Valor econômico, v.21, n.5026, 22/06/2020. Brasil, p. A4

 

Estudo aponta oportunidades de recuperar áreas em Mariana

Daniela Chiaretti 

22/06/2020

 

 

A Fundação Renova, criada para reparar o desastre socioambiental do rompimento da barragem de Fundão, da Samarco, encomendou um estudo de oportunidades, custos e ganhos da recuperação de áreas degradadas na região mais atingida em 2015 pela lama de Mariana, em Minas Gerais.

Com técnicas de restauração florestal e práticas sustentáveis agrícolas, 77,2 mil hectares de áreas perdidas poderiam ser recuperadas e gerar um valor adicionado de R$ 23,5 milhões ao ano, no longo prazo, distribuídos entre oito municípios mais afetados.

Além disso, o esforço resultaria em redução de 281,2 mil toneladas de emissões de gases-estufa.

Essas são as grandes linhas do relatório de oportunidades de restauração, de 108 páginas, encomendado ao instituto WRI-Brasil. Foi aplicada a metodologia global Roam, de avaliação de recuperação de áreas degradadas, ouvindo as comunidades locais das regiões mais afetadas da bacia do Gualaxo do Norte, afluente do rio Doce.

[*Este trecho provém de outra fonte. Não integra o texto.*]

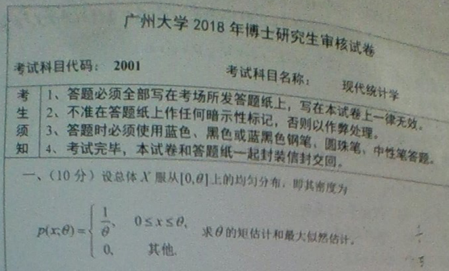 广州大学考博真题,现代统计学考博试题
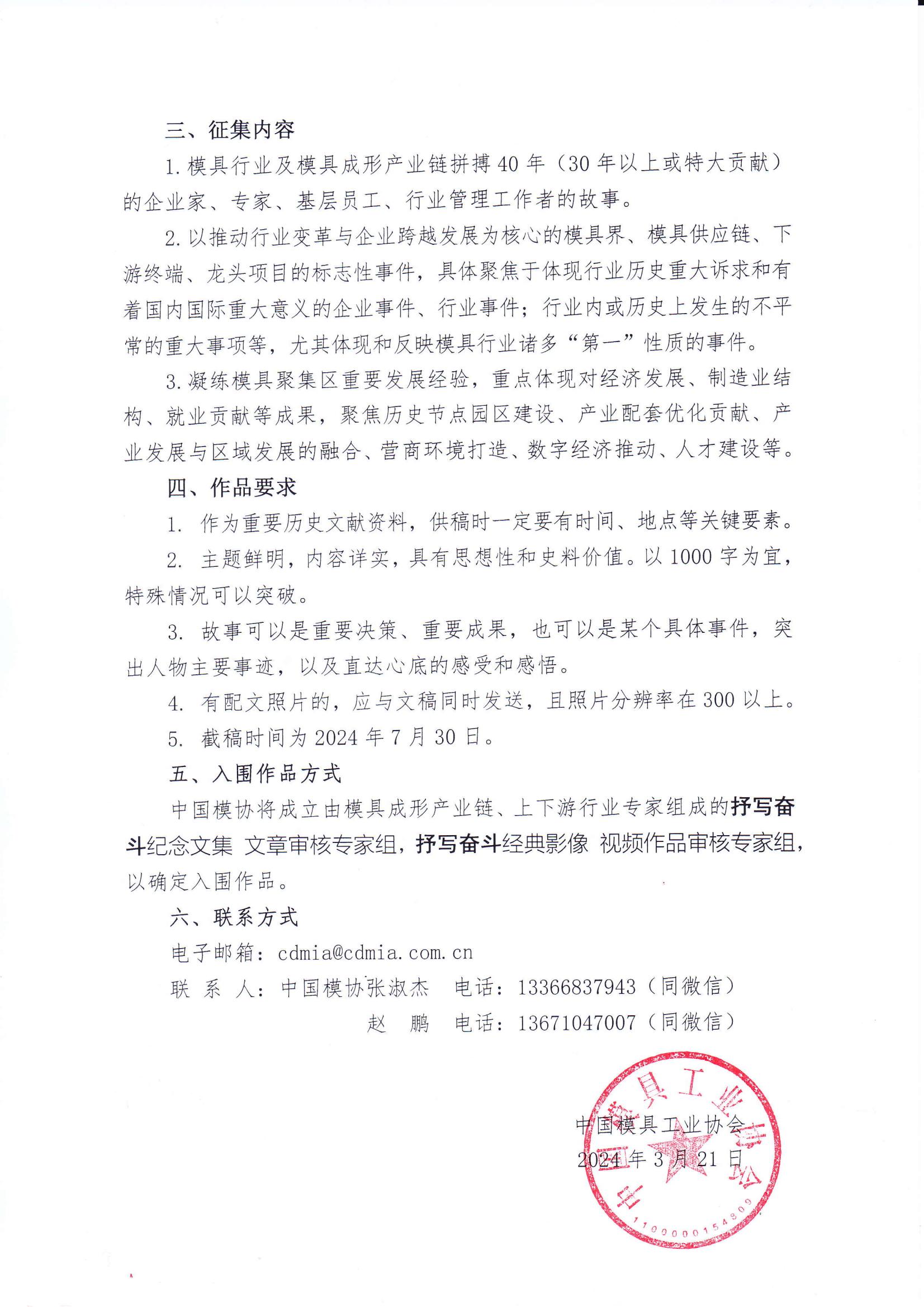 关于征集中国模具工业协会成立40周年文集 视频的函
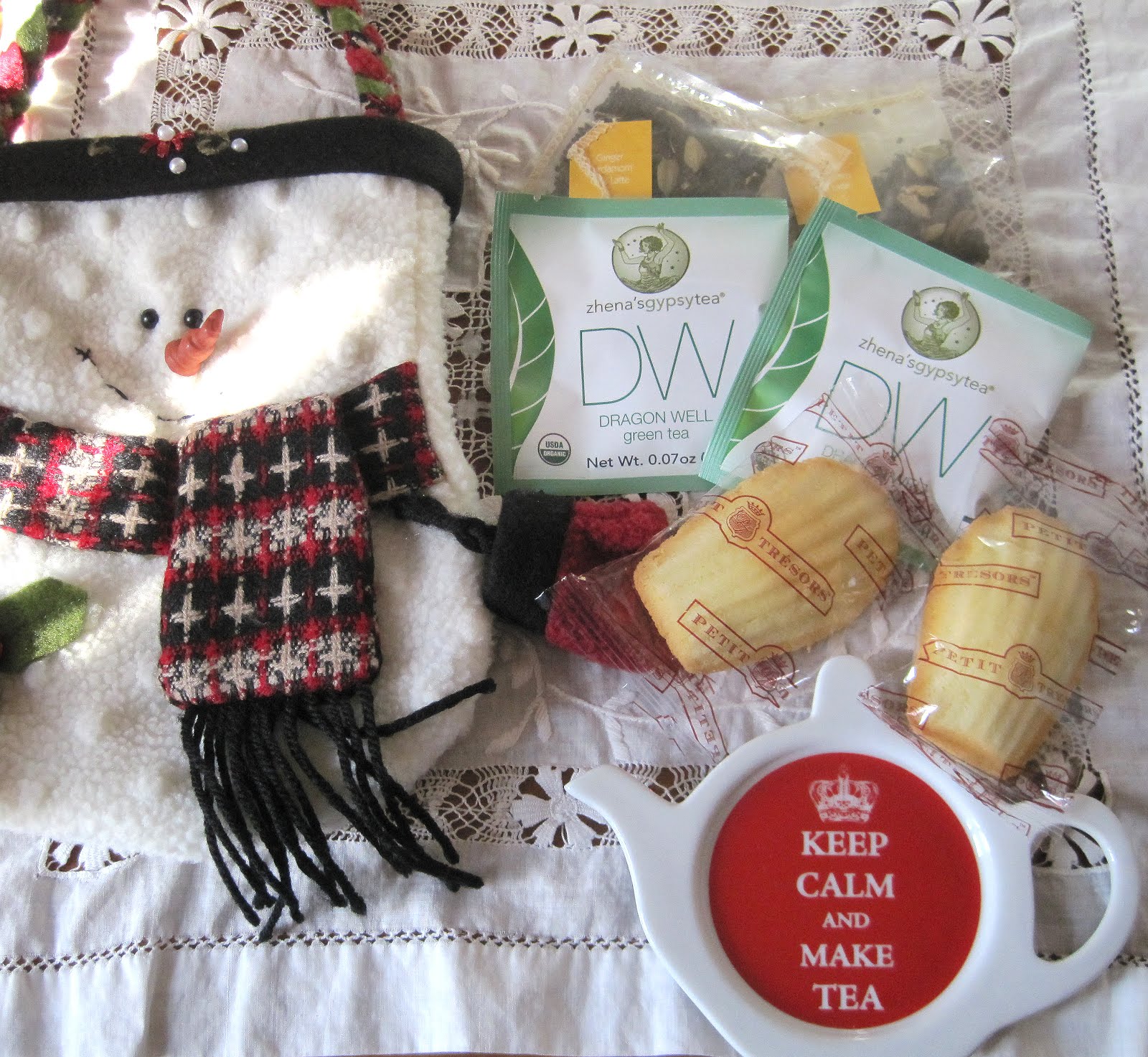 When my friend Maureen and I met for tea back before Christmas, she arrived bearing a delightful assortment of tea-related gifts, including this cute snowman bag, various teas, some madeleines (which were delicious!), some chai flavored mints and a fun "Keep Calm and Make Tea" teabag caddy. (Recognizing my longtime love of ballpoint pens, she also gifted me with one of those, a gorgeous handmade wooden pen made by a friend, but it was upstairs on my writing desk at the time I took these photos!)

Existem mais de mil propriedades rurais ao longo da calha do rio Doce. O foco inicial foi na região que concentra 230 proprietários. "Começamos onde o impacto foi mais intenso", diz Vitor Hermeto Coutinho Campos, especialista do Programa de Uso Sustentável da Terra da Renova e líder do projeto. A iniciativa buscou "integrar a produção e a conservação, reinventando o território", como ele diz.

A ideia é aumentar o valor econômico da atividade agropecuária, tradicional na região, com práticas sustentáveis e de baixa emissão de carbono, adicionando renda com produtos madeireiros e não-madeireiros. Há ainda benefícios indiretos, como melhoria da qualidade da água, solo e clima, cita Mariana Oliveira, pesquisadora de restauração do WRI Brasil.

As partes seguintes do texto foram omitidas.